Range to repeat from the listing below: the line containing "These romantic statement" down to the line containing "豊かな自然に囲まれたアミーク", both included. Copy it exactly, pictures excluded, and add nothing else.

----------

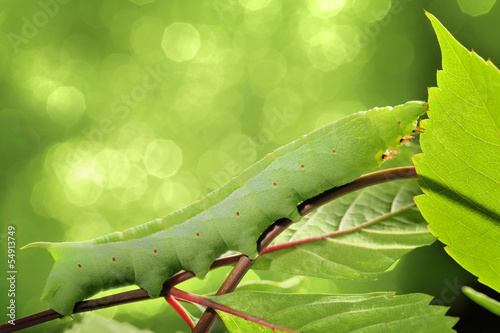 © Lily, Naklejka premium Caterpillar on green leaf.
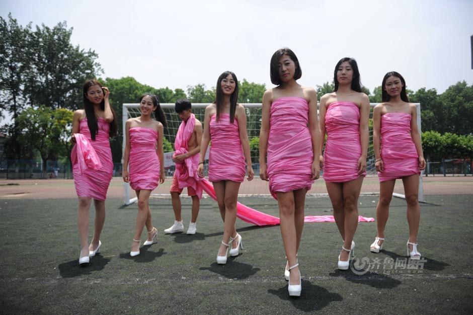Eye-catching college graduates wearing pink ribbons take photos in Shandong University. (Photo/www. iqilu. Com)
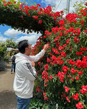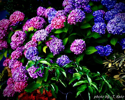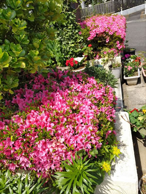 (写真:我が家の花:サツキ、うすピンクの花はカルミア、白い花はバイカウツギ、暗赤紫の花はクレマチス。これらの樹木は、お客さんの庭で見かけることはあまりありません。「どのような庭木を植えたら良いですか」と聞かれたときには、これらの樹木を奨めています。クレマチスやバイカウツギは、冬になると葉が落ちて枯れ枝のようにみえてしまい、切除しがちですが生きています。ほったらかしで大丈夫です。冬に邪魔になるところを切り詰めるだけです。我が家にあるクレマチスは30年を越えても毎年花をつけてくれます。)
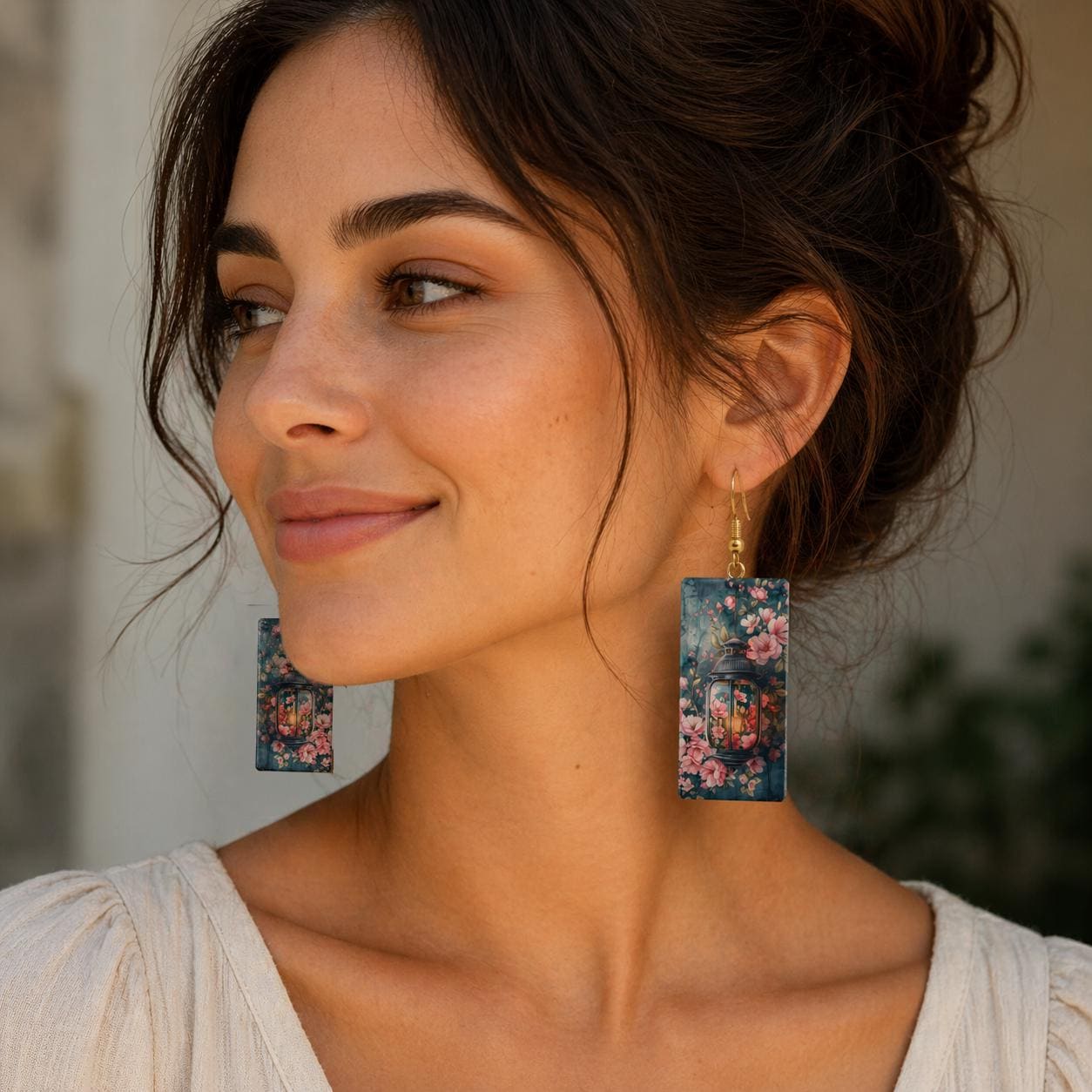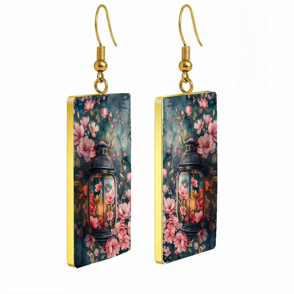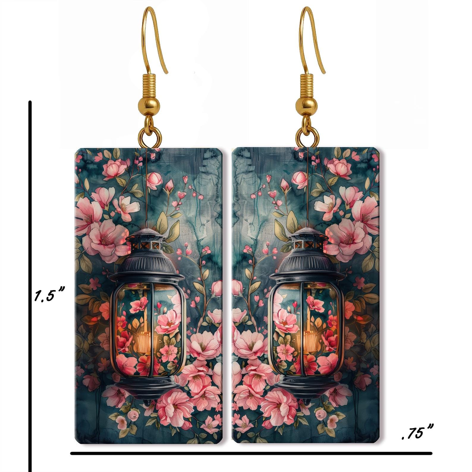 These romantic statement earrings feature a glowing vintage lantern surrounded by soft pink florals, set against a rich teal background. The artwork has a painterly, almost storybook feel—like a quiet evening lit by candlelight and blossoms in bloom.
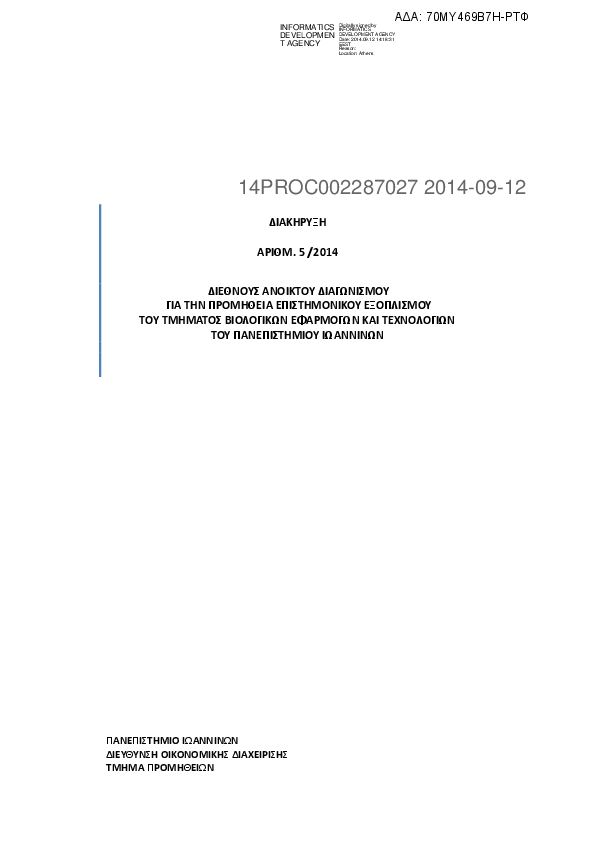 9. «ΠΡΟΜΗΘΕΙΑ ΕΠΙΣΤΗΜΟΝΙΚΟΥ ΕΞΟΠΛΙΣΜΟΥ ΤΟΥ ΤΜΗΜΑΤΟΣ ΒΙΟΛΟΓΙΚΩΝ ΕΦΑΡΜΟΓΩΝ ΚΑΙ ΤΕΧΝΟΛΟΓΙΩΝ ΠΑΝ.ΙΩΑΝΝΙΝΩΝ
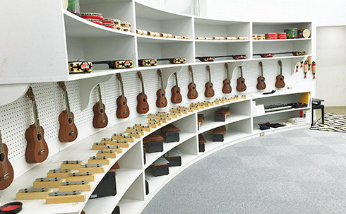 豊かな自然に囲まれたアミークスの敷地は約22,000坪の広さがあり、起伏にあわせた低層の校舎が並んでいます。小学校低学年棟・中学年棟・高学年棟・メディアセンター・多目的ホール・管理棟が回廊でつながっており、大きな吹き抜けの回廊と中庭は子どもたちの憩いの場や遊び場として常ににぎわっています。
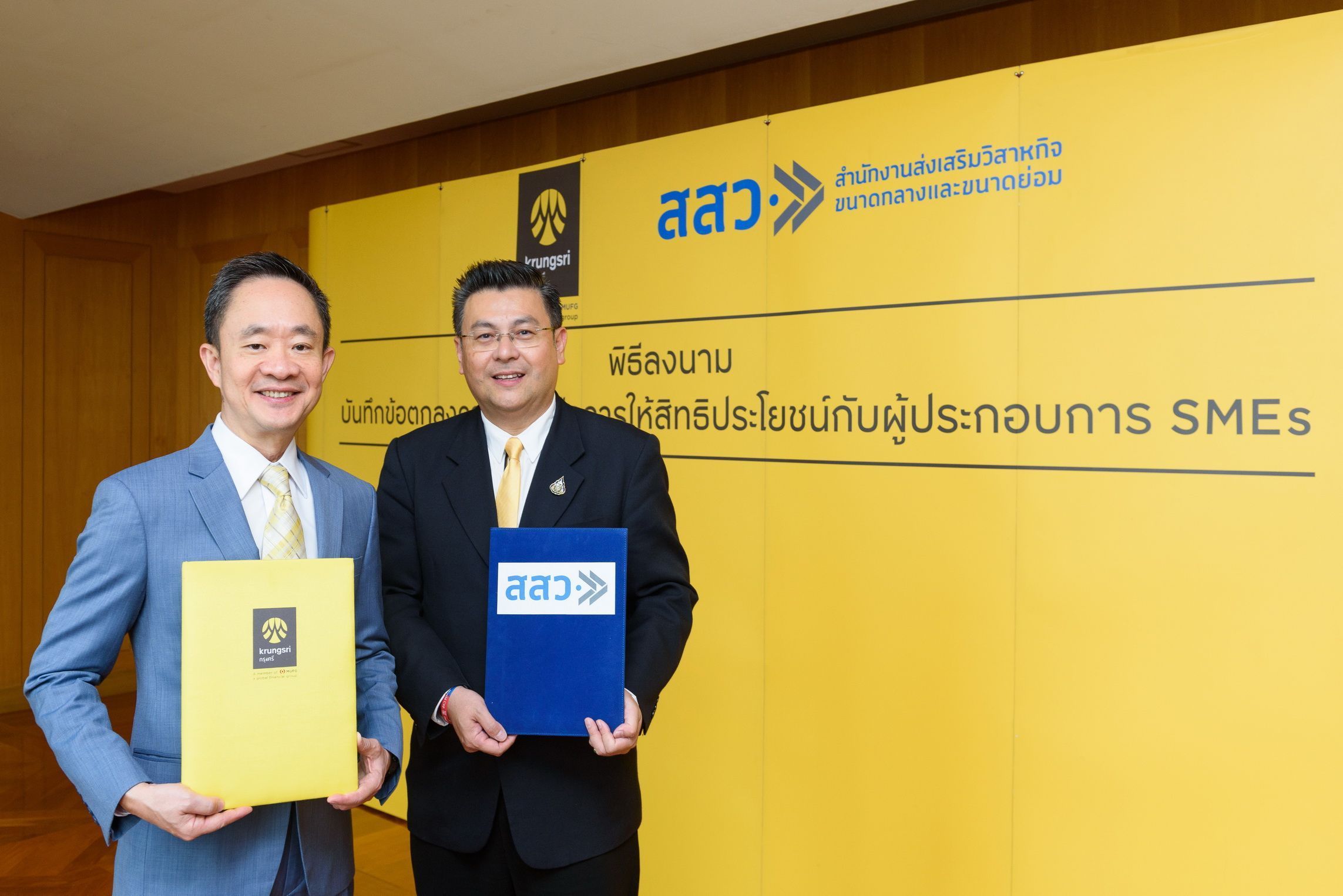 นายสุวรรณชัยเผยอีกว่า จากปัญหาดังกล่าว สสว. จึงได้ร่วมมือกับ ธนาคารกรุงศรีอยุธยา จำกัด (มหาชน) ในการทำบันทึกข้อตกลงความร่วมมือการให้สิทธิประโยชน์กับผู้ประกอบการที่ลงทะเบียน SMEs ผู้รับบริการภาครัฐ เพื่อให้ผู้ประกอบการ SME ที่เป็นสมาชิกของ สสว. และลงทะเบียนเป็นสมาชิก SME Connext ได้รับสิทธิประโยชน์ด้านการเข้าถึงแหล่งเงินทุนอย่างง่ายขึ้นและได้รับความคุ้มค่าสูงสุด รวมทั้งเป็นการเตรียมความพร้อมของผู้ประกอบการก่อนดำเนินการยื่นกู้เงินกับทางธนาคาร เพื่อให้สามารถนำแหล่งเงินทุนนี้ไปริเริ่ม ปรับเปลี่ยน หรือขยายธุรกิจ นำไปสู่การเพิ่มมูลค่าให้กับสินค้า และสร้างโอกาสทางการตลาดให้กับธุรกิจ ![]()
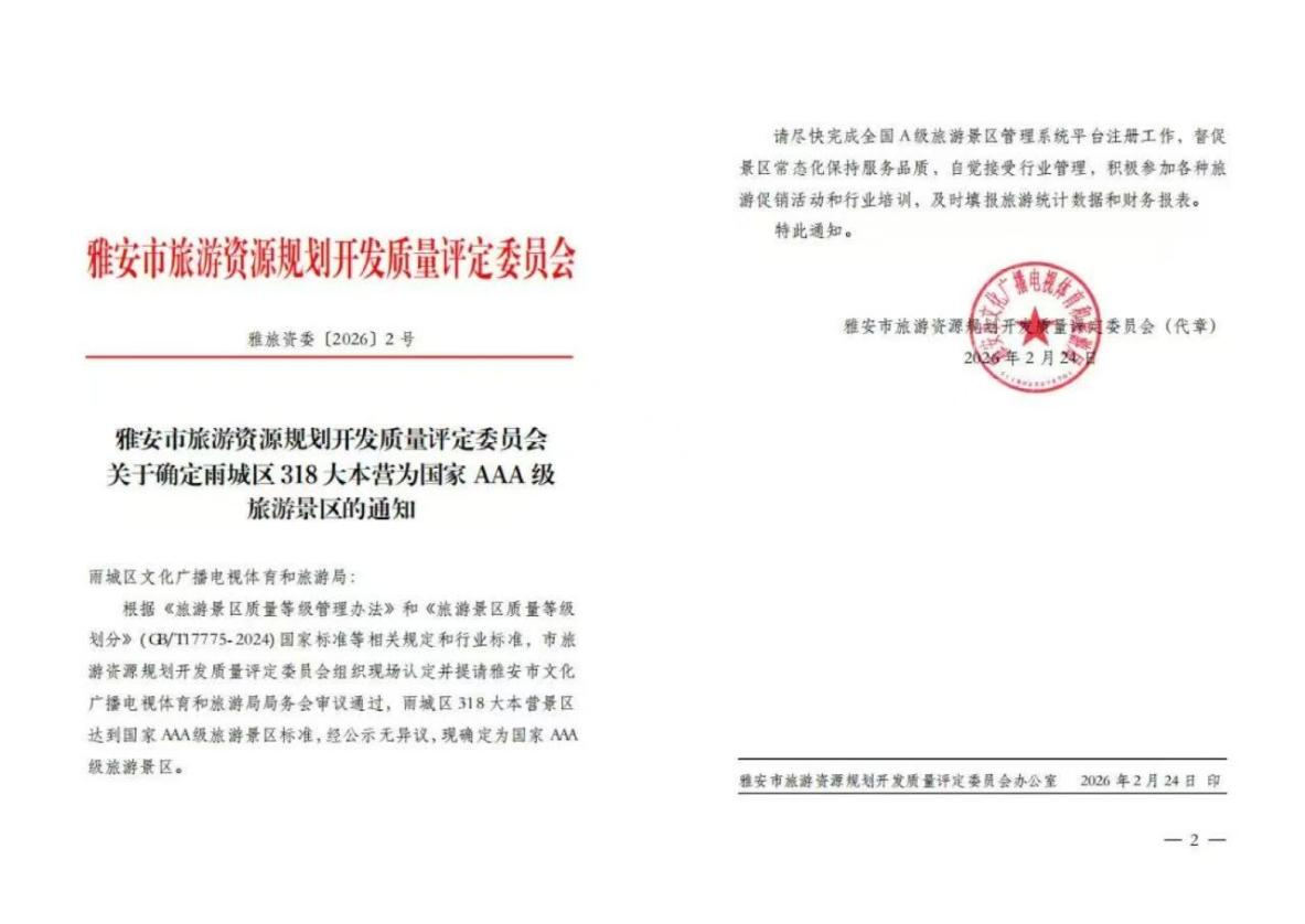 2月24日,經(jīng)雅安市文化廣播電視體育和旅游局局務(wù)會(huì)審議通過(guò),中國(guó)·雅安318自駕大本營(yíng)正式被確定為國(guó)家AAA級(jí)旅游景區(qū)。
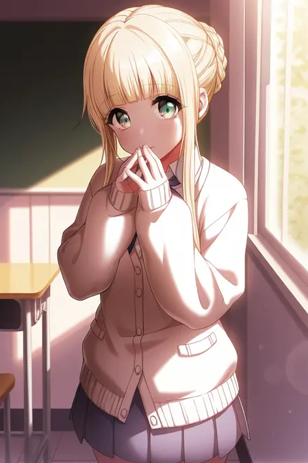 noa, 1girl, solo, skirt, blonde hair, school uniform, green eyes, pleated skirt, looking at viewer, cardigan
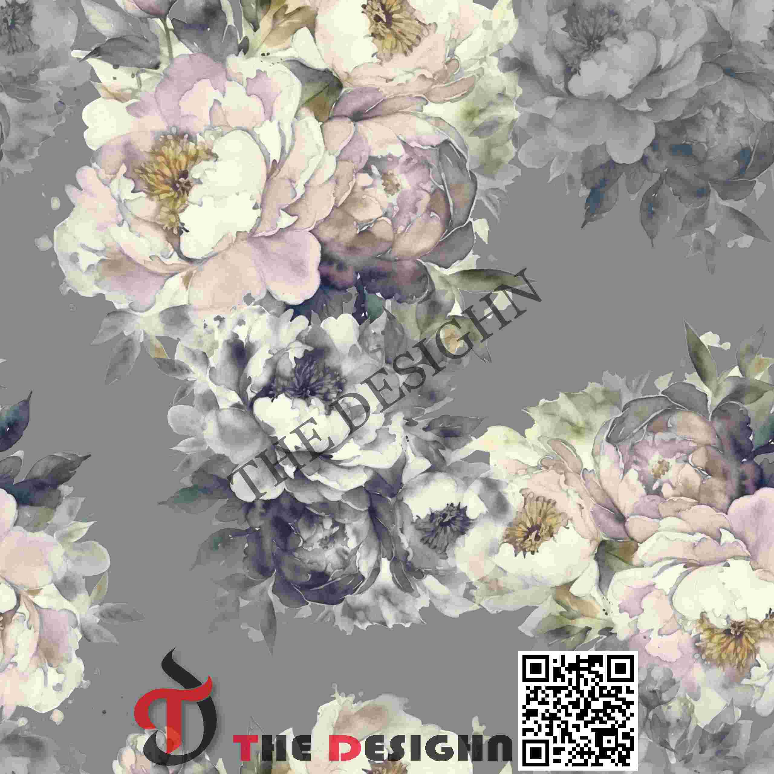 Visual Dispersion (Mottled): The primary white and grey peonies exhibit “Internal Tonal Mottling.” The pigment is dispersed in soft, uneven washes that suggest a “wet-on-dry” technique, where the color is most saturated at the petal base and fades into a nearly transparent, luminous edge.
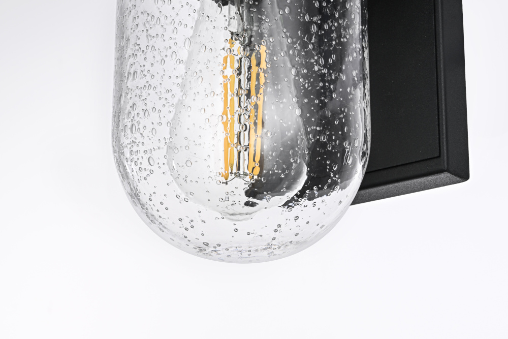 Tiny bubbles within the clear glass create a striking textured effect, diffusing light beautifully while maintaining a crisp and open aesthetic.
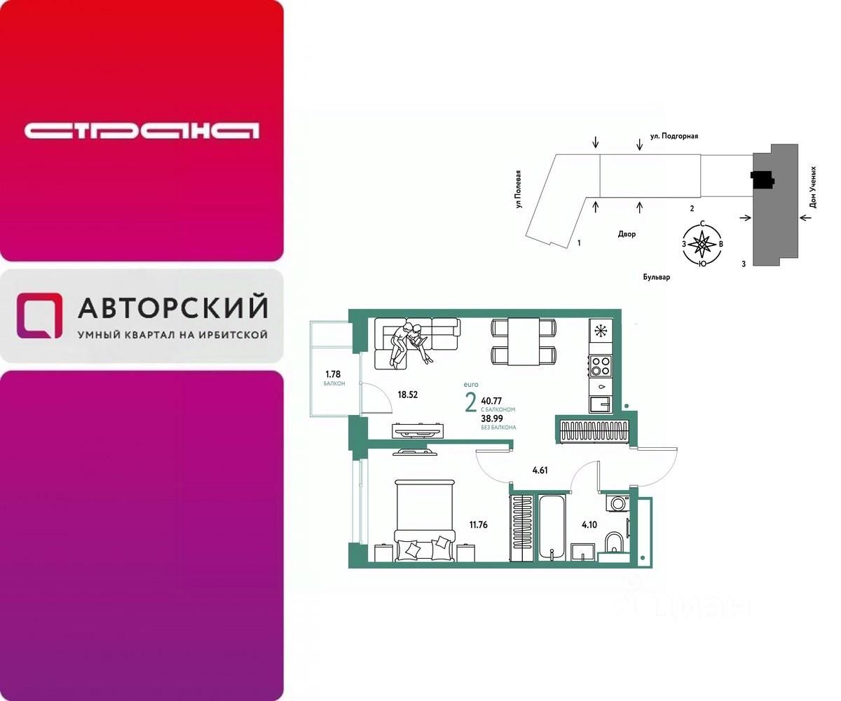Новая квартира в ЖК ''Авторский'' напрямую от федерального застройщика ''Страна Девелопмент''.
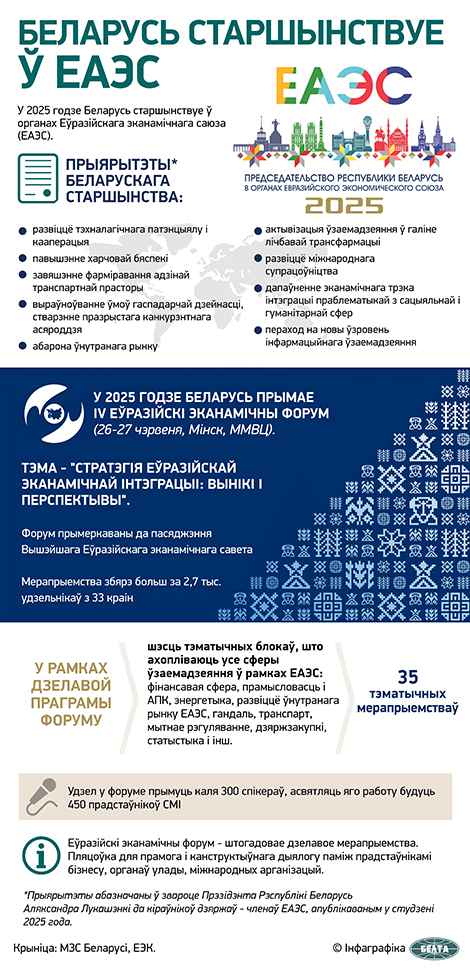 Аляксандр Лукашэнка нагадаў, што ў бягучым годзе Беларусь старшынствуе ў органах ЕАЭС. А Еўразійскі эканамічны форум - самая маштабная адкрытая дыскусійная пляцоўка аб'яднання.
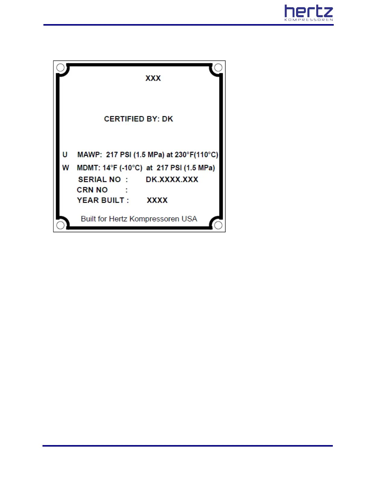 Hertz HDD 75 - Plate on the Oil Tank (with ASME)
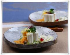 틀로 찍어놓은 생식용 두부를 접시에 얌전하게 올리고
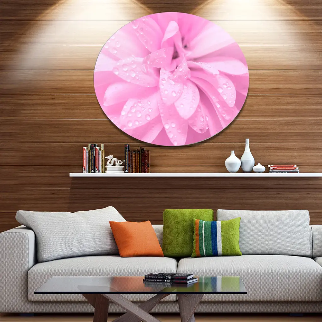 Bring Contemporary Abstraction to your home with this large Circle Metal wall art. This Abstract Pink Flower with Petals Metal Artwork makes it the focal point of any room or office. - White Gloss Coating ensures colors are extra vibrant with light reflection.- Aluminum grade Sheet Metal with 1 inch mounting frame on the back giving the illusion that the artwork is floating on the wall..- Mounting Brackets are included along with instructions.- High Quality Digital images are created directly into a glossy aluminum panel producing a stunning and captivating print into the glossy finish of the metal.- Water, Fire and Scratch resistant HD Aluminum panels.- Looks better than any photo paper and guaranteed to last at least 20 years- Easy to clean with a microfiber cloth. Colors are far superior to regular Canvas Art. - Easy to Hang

----------

:: Solution to the problem ::
 These romantic statement earrings feature a glowing vintage lantern surrounded by soft pink florals, set against a rich teal background. The artwork has a painterly, almost storybook feel—like a quiet evening lit by candlelight and blossoms in bloom.
 9. «ΠΡΟΜΗΘΕΙΑ ΕΠΙΣΤΗΜΟΝΙΚΟΥ ΕΞΟΠΛΙΣΜΟΥ ΤΟΥ ΤΜΗΜΑΤΟΣ ΒΙΟΛΟΓΙΚΩΝ ΕΦΑΡΜΟΓΩΝ ΚΑΙ ΤΕΧΝΟΛΟΓΙΩΝ ΠΑΝ.ΙΩΑΝΝΙΝΩΝ
 豊かな自然に囲まれたアミークスの敷地は約22,000坪の広さがあり、起伏にあわせた低層の校舎が並んでいます。小学校低学年棟・中学年棟・高学年棟・メディアセンター・多目的ホール・管理棟が回廊でつながっており、大きな吹き抜けの回廊と中庭は子どもたちの憩いの場や遊び場として常ににぎわっています。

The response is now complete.